• he/him

one more cute disaster… it’s hard here in paradise

last.fm listening



zaratustra
@zaratustra
  • you're arbitrarily barred from opening doors and leaving certain areas even though you totally should be able to go there come on
  • very basic tasks are given to you which the task-giver should be able to perform on their own
  • super long tutorial
  • faulty parser means commands need to be phrased in several different ways even when the interpretation should be obvious
  • you have a lot of freedom but not in a way that would permanently affect the plot

fool
@fool
  • the world is built to a larger scale than your body
  • boring unskippable cutscenes
  • keeping a bunch of random crap in your inventory in case you need it later
  • Sonic the Hedgehog is there


highimpactsex
@highimpactsex

i recently watched this fantastic documentary on text adventure games by jason scott and they mentioned the problem of “how do we get more people to play these games”. you see these veterans and amateurs burn out trying to make these games profitable while a select few is still hustling out there and saying, “There’s an audience that is clamoring for this. We just need more visibility.”
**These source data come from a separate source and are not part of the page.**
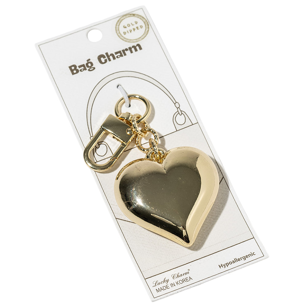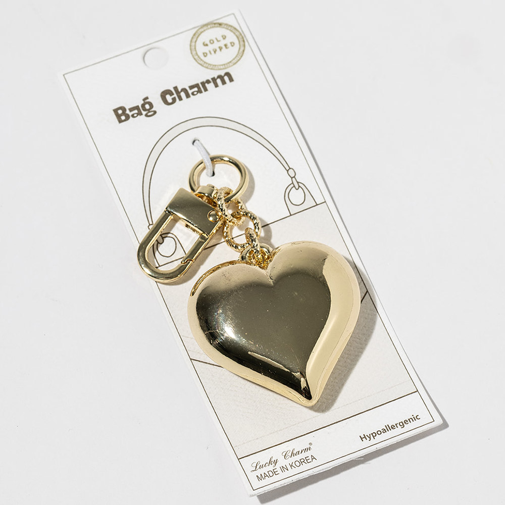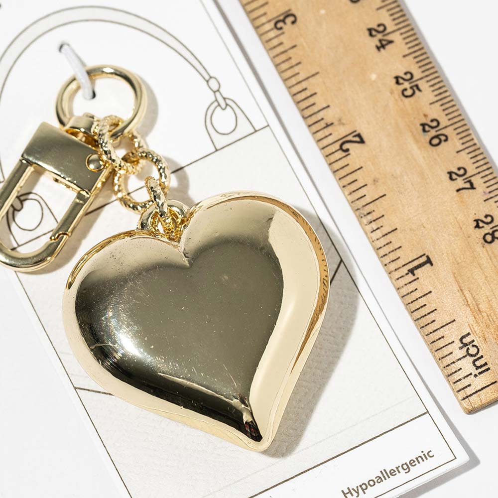 Gold Dipped Bold Puffy Heart Drop Keychain Bag Charm
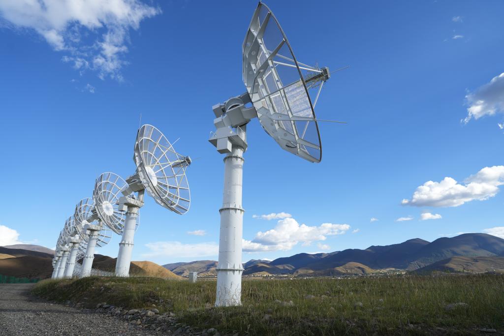 這是在圓環(huán)陣太陽(yáng)射電成像望遠(yuǎn)鏡拍攝的觀測(cè)運(yùn)行中的天線(xiàn)。新華社記者 薛晨 攝
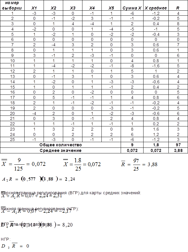2.1.2 Контрольные карты среднего арифметического значения и размаха......... 8
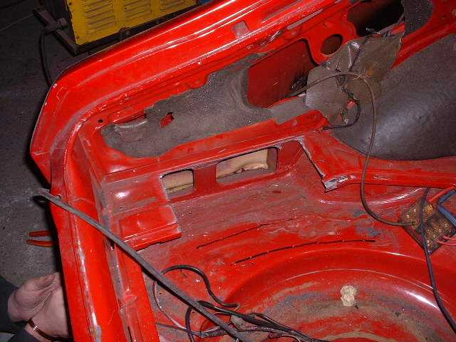 Boot area stripped waiting to be cut up, Area where battery will sit is removed.
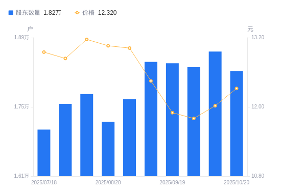 近一年(2024年10月31日至2025年10月20日),中原传媒A股股东户数从2.86万户,减低至1.82万户,降幅36.25%,区间股价上涨19.73%。
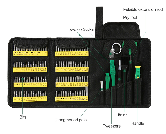 1x screwdriver set (M2.5, M3.0, M3.5, M4.0, M4.5, M5.0, M5.5, G3.8, G4.5, U, 0.8, 1.0, 0.3, 0.1, Pry bar, Scrapper, T1, T2, T3, T4, T5, T6H, T7H, 2x T8H, T9H, T10H, T15H, T20H, T25H, 2x Y000, Y00, Y0000, Y0, Y1, Y2, 3x AP2, 2AP5, AP6, 2.0, 2.0, 3x PH0000, 3x PH000, 2x PH00, 2x PH0, 2x PH1, 2x PH2, PZ0, PZ1, PZ2, 2x SL1.0, 2x SL1.3, SL1.5, SL2.0, SL2.5, SL3.0, SL3.5, SL4.0, SL4.5, SL5.0, 2x H0.7, 2x H0.9, H1.3, H1.5, H2.0, H2.5, H3.0, H3.5, H4.0, H4.5, H5.0, H6.0, U4, U6, U8, U10, 2.0, 2.3, 2.6, 3.0, SQ0, SQ1, SQ2, SQ3, H1/16, H5/64, H3/32, H7/64, H1/8, H9/64, H5/32, H3/16, H4-H1/4

as the enlightened redditor i am (i don’t use reddit), the answer is clearly somewhere in the middle: there’s definitely people out there who would love these text adventure games and more broadly, niche titles in general. i’m defining “niche title” broadly here: the stuff that’s not on storefront pages like Steam or consoles. there’s people who would love to immerse themselves in these text only worlds if they knew (i count myself as a recent convert) or people who would go “holy shit, this indie game is kinda cool”. and there’s definitely this David and the Goliath appeal: the underdog communities can beat goliath with more support from the outside.

i get that, but i wonder how many people will actually play these titles even when good visibility is there.

i think about this a lot when it comes to indie japanese games. games are getting translated, people like me write about ‘em, and many blood has been spilled over polemics going “We need more diversity of discourses in games!” and i sorta wonder if much has changed.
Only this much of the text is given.